# Work instructions:
Once the images are set aside, write out the rest of the records exactly.
↓
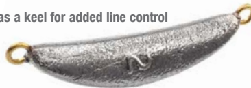
Brass wire eye prevents line abrasion See page 70
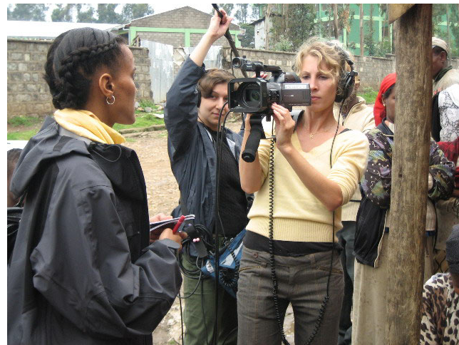
Production Still - All of Us
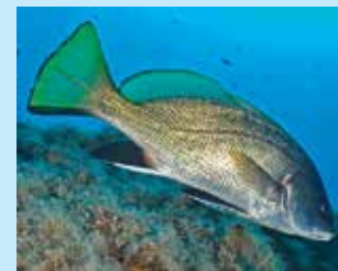
17/I - sea raven
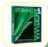
VIVIDENT STORMING 33 GR MINT
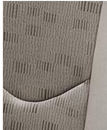
RAV4 fabric in Ash
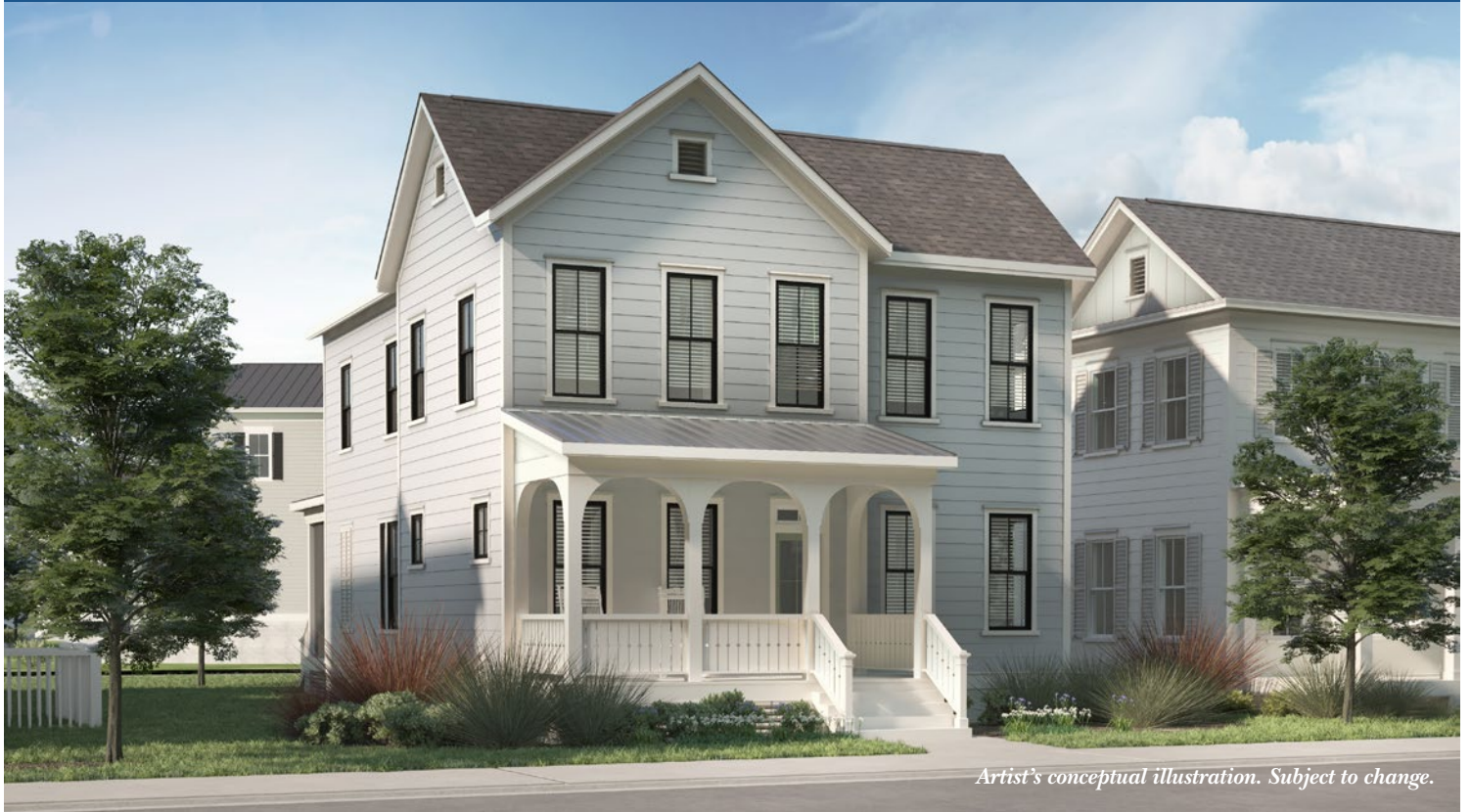
Artist's conceptual illustration. Subject to change.
↑
# Answer box:
Brass wire eye prevents line abrasion See page 70
Production Still - All of Us
17/I - sea raven
VIVIDENT STORMING 33 GR MINT
RAV4 fabric in Ash
Artist's conceptual illustration. Subject to change.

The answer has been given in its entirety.